CHICAGO – Wells Fargo would lose out on financial business with the city of Chicago for two years under an ordinance proposed Friday by the City Council's powerful Finance Committee chairman in the aftermath of the firm's phony accounts scandal.

The bank also would lose investment business with the state under a ban the state treasurer is expected to announce Monday. It's unclear whether the treasurer's action would impact state debt which falls under the purview of the Governor's Office of Management and Budget.

"The city council should not engage in any business for the next two years with this institution that has deceived, defrauded and duped its customers," Burke said in a news release. The ordinance is expected to be discussed at a committee meeting Wednesday but it's unclear whether any action would be taken.

Under the proposed ban, the firm could no longer act an underwriter, adviser, or in a municipal depository capacity during the ban. The firm has collected $19 million in fees for city related work over the last decade, according to the committee.

A spokeswoman for Mayor Rahm Emanuel's administration on Thursday had no comment on whether the administration was considering any punitive actions against the bank in the wake of the scandal. The city has not used Wells Fargo Securities as a senior manager since it refused to lower the rating threshold for three swaps after termination events were triggered by downgrades in 2015. Wells Fargo did not demand immediate repayment and the city eventually paid off the swaps.

Gov. Bruce Rauner's administration over the weekend said it would not use the firm on bond sales, although it did not set a time frame on the firm’s exclusion from deals. “The Rauner Administration has not done any bond business with Wells Fargo to date, and the administration previously chose not to do business with Wells Fargo on the current bond deal that is in progress.  Illinois will not be using Wells Fargo for any new bond sales until further notice,” a statement Sunday read. The firm is one of 15 that made the cut for a new senior manager pool the state intends to draw from for upcoming negotiated bond sales. The  administration previously had no comment on whether it planned to join other issuers in penalizing Wells Fargo when asked Thursday.
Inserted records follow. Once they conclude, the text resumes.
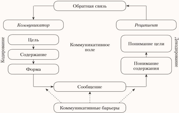 К.С. СтаниславскийКоммуникативная сторона общения включает в себя все, что связано с передачей информации во время общения. В узком смысле общение как коммуникация – это обмен представлениями, идеями, мыслями, интересами, чувствами людей друг с другом в ходе совместной деятельности. Но общение не приравнивается к передаче или обмену информацией. Структура коммуникативной ситуации включает в себя коммуникатора, его сообщение, реципиента, которому оно адресовано, коммуникативное поле, коммуникативные барьеры и обратную связь (рисунок 6). Сообщение, которое передается в процессе коммуникации, меняется, уточняется, развивается, искажается.
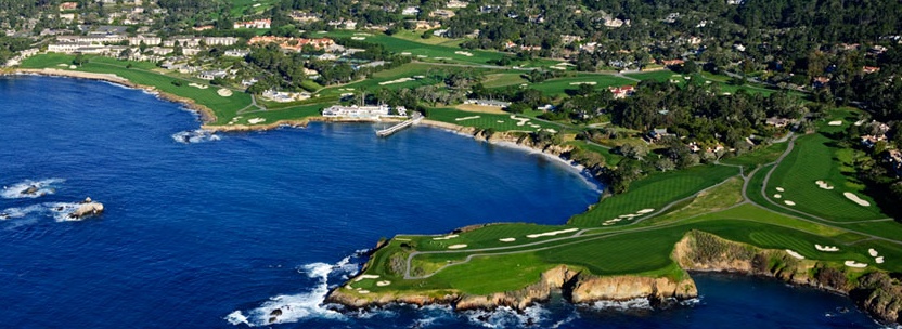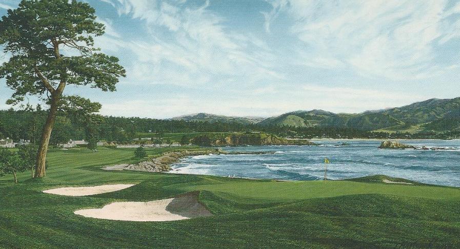 | Packages for two rounds of golf and three nights at the Lodge in 2013 range from $2,500 and up for one golfer. One round of golf is at Pebble Beach and one round is at Spyglass. My brother and I each paid $85 for our round of golf in 1984 in this beautiful setting. I tried a year in advance to get a tee time. We got tee times at other courses, but none at Pebble Beach. The first morning we went over to just look at the course. We had breakfast overlooking the practice putting green. After breakfast, I decided to go up to the starter to see if there were any cancellations. As I walked up the hill to the pro shop, I got a crazy thought. I will go in and announce that the Yarnall twosome was ready to pay the fee and play. The man at the counter was sorry and felt there might have been a mistake made by someone as I told him that I called to make the reservation about a year ago. He said he would squeeze us in with a twosome in about an hour. I ran down the hill and told Bill to get our shoes and clubs. What a wonderful lucky break! Below is a view at the 18th green. That tree is gone now. Below that is an aerial view of the coastline at Pebble Beach. ![]() ![]() At the far upper left corner of this picture, you see the 18th hole. In the bottom front center of this picture, you see the 7th hole. |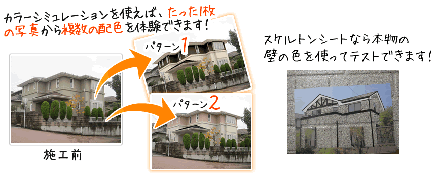 八戸ペイントでは、このような失敗をなくすために、無料でカラーシミュレーションやスケルトンシートで作成した配色パターンを提出いたします。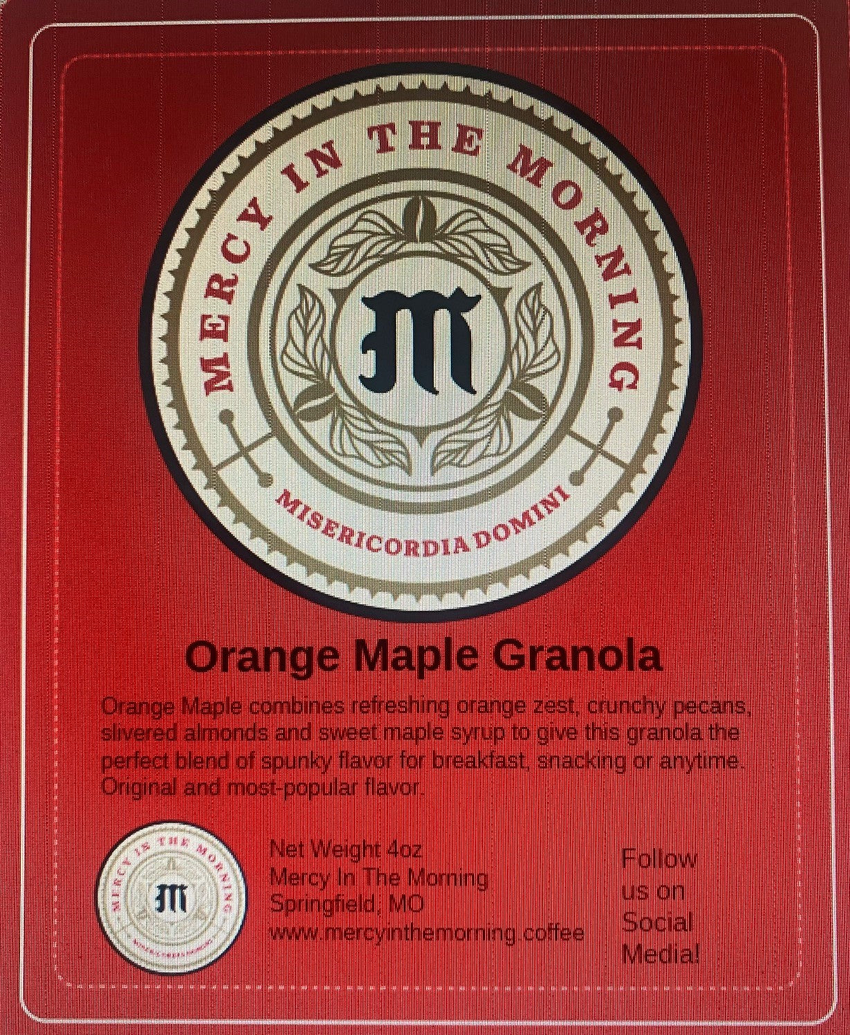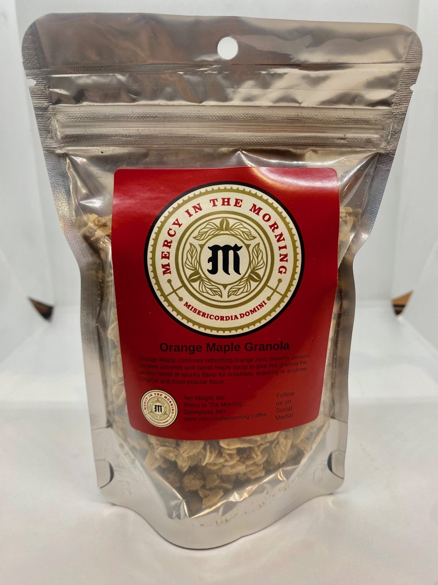 Mercy In The Morning Orange Maple Granola combines refreshing orange zest, crunchy pecans, slivered almonds and sweet maple syrup to give this granola the perfect blend of spunky flavor for breakfast, snacking or anytime. A very popular flavor.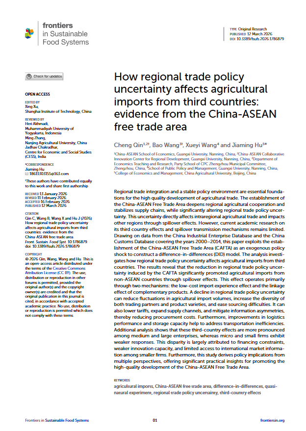 教师覃诚作为共同第一作者,与合作者共同完成的学术论文 “How regional trade policy uncertainty affects agricultural imports from third countries: evidence from the China-ASEAN free trade area”(《区域贸易政策不确定性如何影响自第三方国家的农产品进口——来自中国-东盟自由贸易区的经验证据》)在《Frontiers in Sustainable Food Systems》正式发表。该研究得到广西高校人文社会科学重点研究基地中国—东盟区域发展协同创新中心基金项目(CWYB202405)、麻豆影片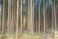 Landschap in het Speulderbos in Garderen, Gelderland. Hier is gebruik gemaakt van meervoudige belichting, waar een standaard foto is gemaakt van de stammen van de dennenbomen, gecombineerd met een ICM, ofwel intentional camera movement. Dit maakt het geheel abstract en dynamisch.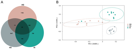 The ASV distribution and the β-diversity characteristics of the mucosal microbiota of rice flower carp. (A) Venn diagram (ASV level); (B) PCoA plot. HG: Gill; HS: Skin; HI: Intestine.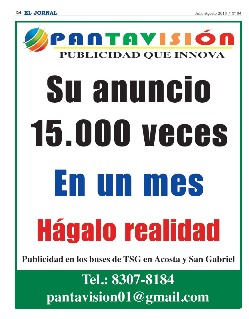 Si desea conectar a su negocio con publicidad de avanzada, llámenos al 8307-8184 o escríbanos a: pantavision01@gmail.com
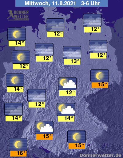In der folgenden Nacht ist der Himmel über dem Land größtenteils sternenklar, hier und da sind auch lockere Wolkenfelder möglich, dazu bleibt es trocken. Die Temperatur sinkt auf 16 Grad in Freiburg und bis 12 Grad in Hamburg.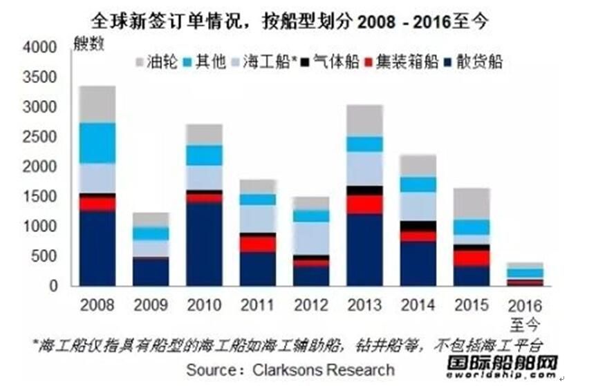 支撐散貨船訂單量的基本只有在中國船廠訂造的30艘Valemax型礦砂船。油輪新簽訂單僅成交117艘,同比下降76%,尤其是大型原油油輪訂單明顯減少。盡管有一些特殊油輪訂單如小型化學品船及瀝青船等,但其體量對總訂單量的貢獻仍然有限。集裝箱船訂單的情況與油輪類似,從數(shù)量來看同比下滑72%,市場對大型集裝箱船的興趣明顯減弱,3,300TEU以上的訂單僅成交5艘。與此同時,巴拿馬運河的拓寬、韓進海運的破產、集運聯(lián)盟的整合、兼并等,更是增加了集裝箱船市場的不確定性。今年的新簽訂單主要集中在一些特殊船型領域,如受船隊更新需求影響,歐洲船東訂立的一批客滾船訂單等。豪華郵輪訂單尤為顯眼,共計有32艘簽訂,已超過2014及2015年的總量,其訂單總價值占全球新簽訂單總額的約一半。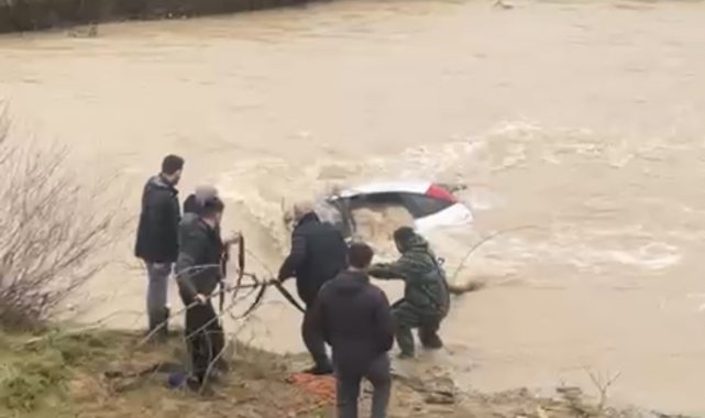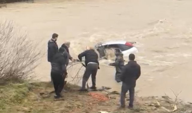 Sürücü kıyıya çıktı, otomobil suda kaldı: Vatandaşlar halatla müdahale etti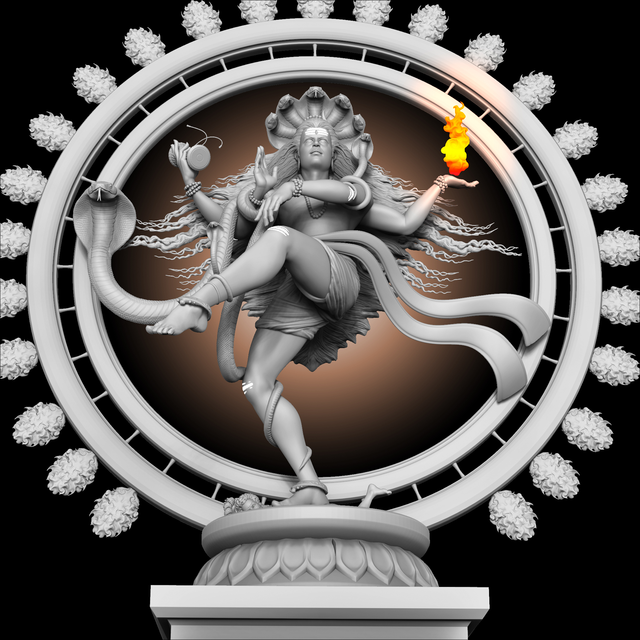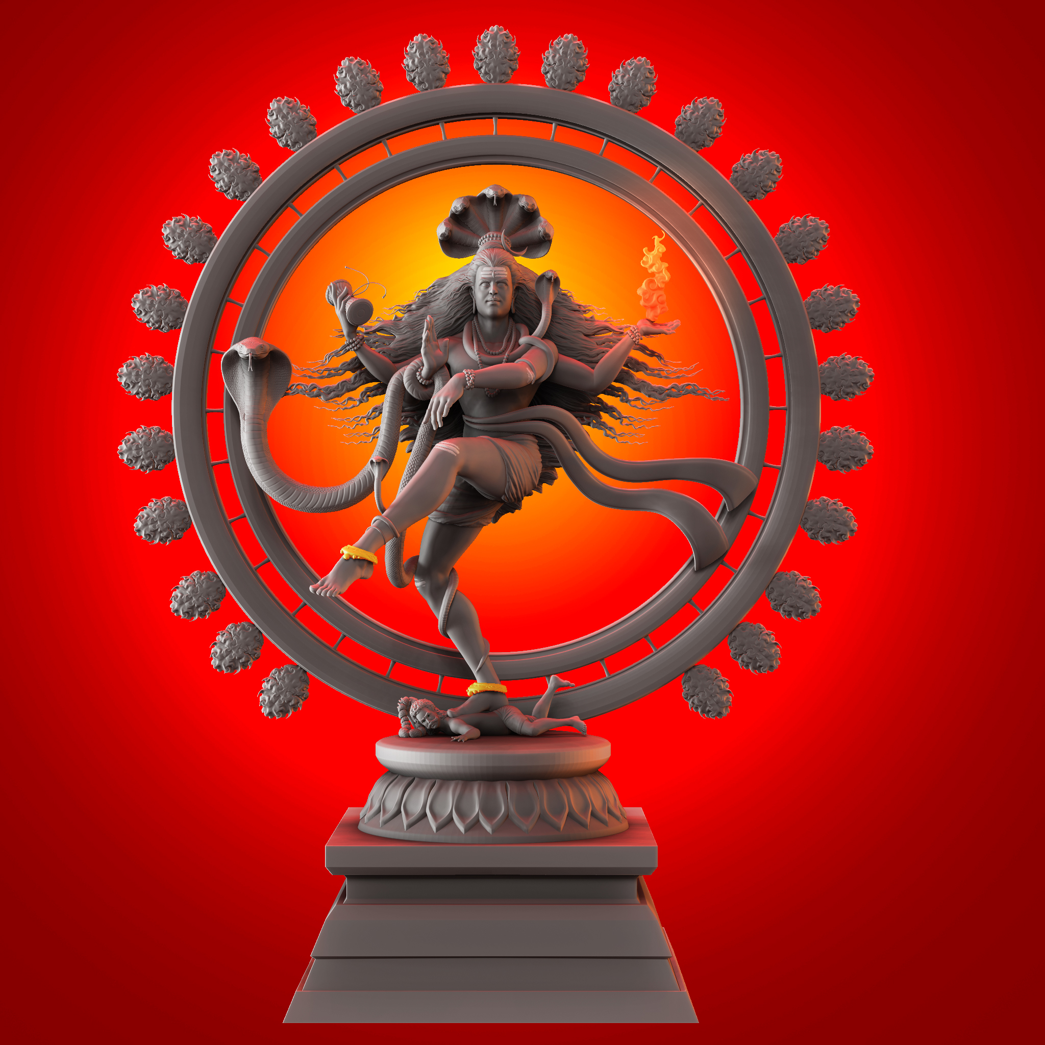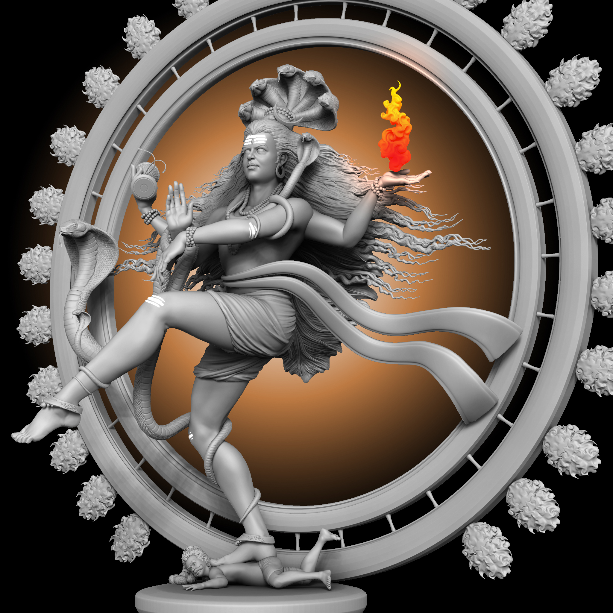 Lord Shiva in the Nataraja form dancing and the Asura Apasmara trampled beneath his foot.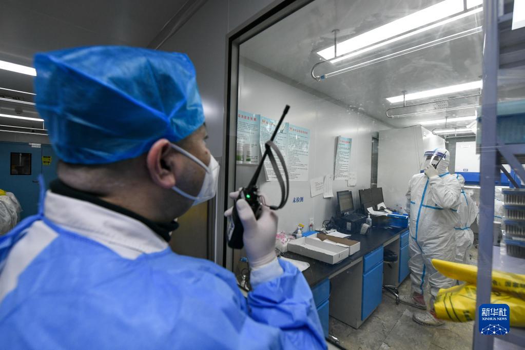 3月19日,在天津市河北区城市核酸检测基地内,耿田(左)通过对讲机与实验室内的工作人员沟通。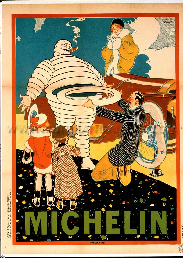 Но забавному Бибендуму, хотя тогда у него еще не было имени, только предстояло пройти путь от пьянчужки до всемирно известного рекламного символа. Сразу после создания шинный человечек не имел имени, его называли просто джентльмен Мишлен, так как он обладал всеми атрибутами богача. На пальце его красовалась печатка, во рту сигара.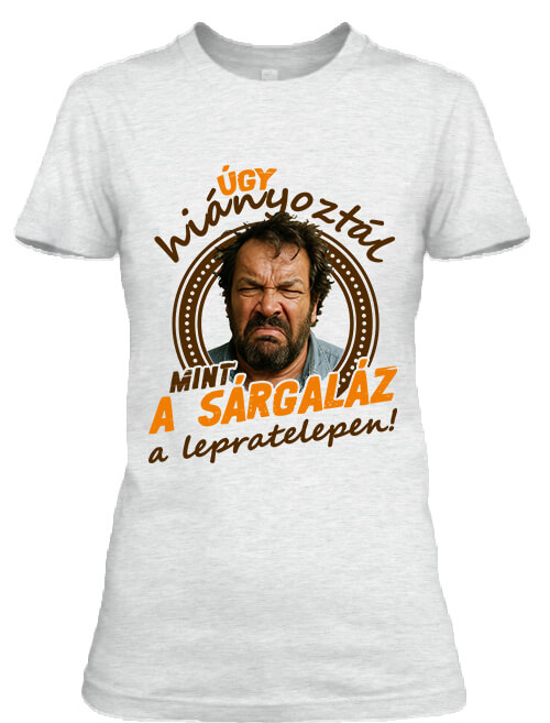 Úgy hiányoztál Bud Spencer – Női póló. Klasszikus szabású, szűkített fazonú, rövid ujjú póló. Kényelmes viselet, anyaga 100% fésült pamut, a hamuszürke színű póló 98% fésült pamut és 2% viszkóz 190g/m2 anyagvastagságú, tartós anyag. FIGYELEM! Rendelés előtt mindenképp ellenőrizd a mérettáblázatot, mert gyártónként eltérhetnek a méretek. A 100% pamut póló mosás után minimálisan összemehet. A mérettáblázatot alul találod. Úgy hiányoztál Bud Spencer – Női póló bulis napokra, legendás dumák híveinek, a legjobb arcoknak. Póló nyomtatás, pólóra nyomtatás a Pólóplanet webáruház oldalán..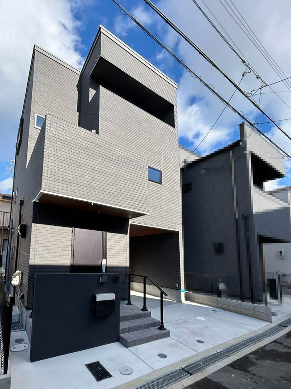 グレートーンで統一したファサードが、街並みに静かな存在感を放つ都市型住宅。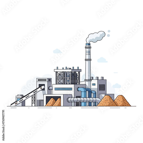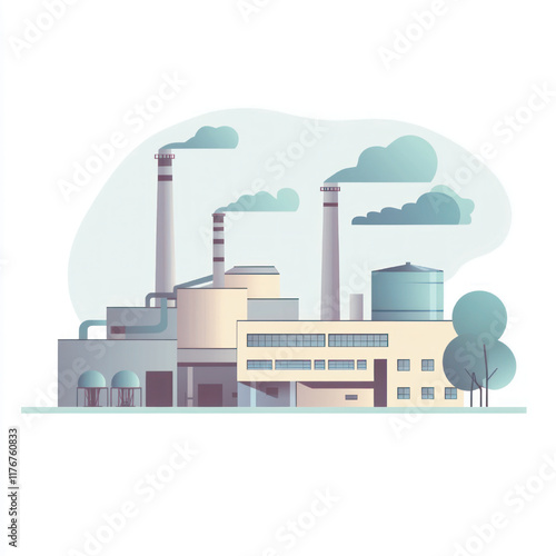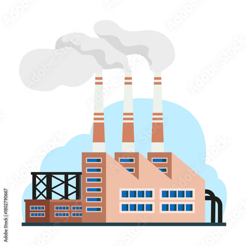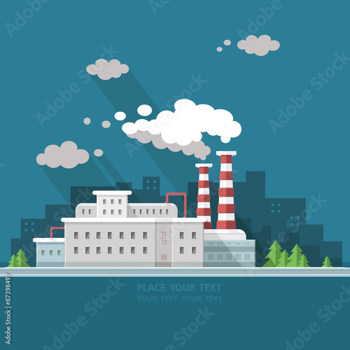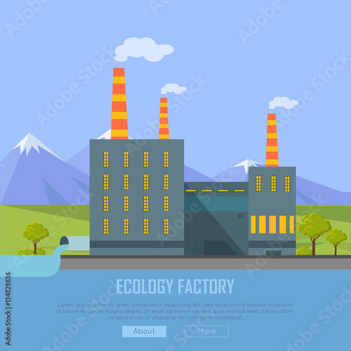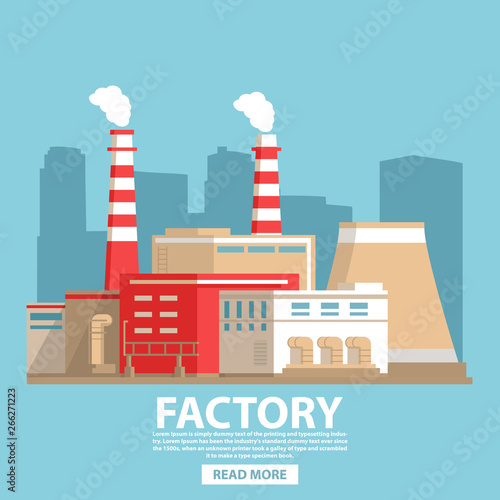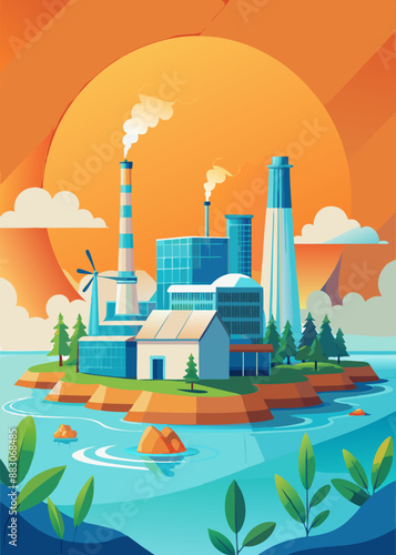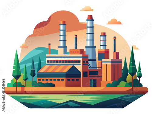 Геотермальная электростанция и завод. Промышленная концепция геотермальной энергии. Векторная иллюстрация в плоском стиле. Фон геотермальной станции. Возобновляемые источники энергии.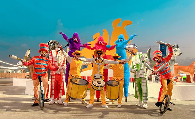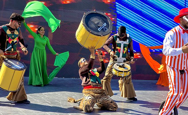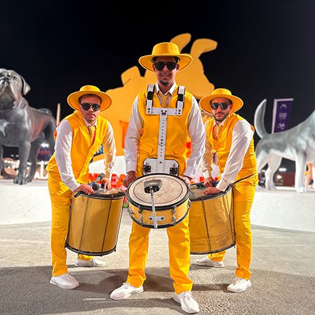 A walkaround band offering themed shows complete with custom costumes, ideal for corporate events, street parades, and large-scale productions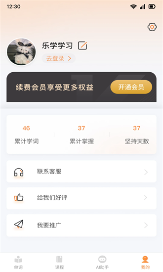 3、课程管理与个性化功能:“课程”板块分类展示音标、字母、自然拼读等学习内容,用户可按需选择学习模块;支持自定义学习计划,根据自身时间与目标设置每日学词量;“我的”板块整合学习数据、会员权益、反馈入口,方便用户管理学习进度与获取更多服务,续费会员还可解锁更多优质学习资源。

Illinois Treasurer Michael Frerichs' office on Friday said it would announce on Monday a suspension of state investment activity with the bank.

Federal prosecutors are investigating sales practices at Wells Fargo after revelations that thousands of its employees secretly created accounts without clients' approval. The Consumer Financial Protection Bureau fined Wells Fargo $185 million earlier this month over 2 million bank and credit card accounts that customers may not have authorized.

The action in Illinois follows statements from New York City officials that they might cancel business with the bank. On Wednesday, New York's Metropolitan Transportation Authority left Wells Fargo Securities off its new rotation of senior managers pending a "responsibility review" of the bank's practices, and California Treasurer John Chiang suspended the bank from underwriting state bonds.

The California State Public Works Board's $527.54 million of lease revenue refunding bonds, which Wells Fargo had scheduled to price on Tuesday, will now come to market next week. Loop Capital Markets and Raymond James & Associates were named joint senior managers for the delayed sale after Chiang sanctioned Wells. On Thursday, Connecticut Treasurer Denise Nappier said her office decided last week to modify the assignment of lead banker for an upcoming GO bond sale in light of recent news.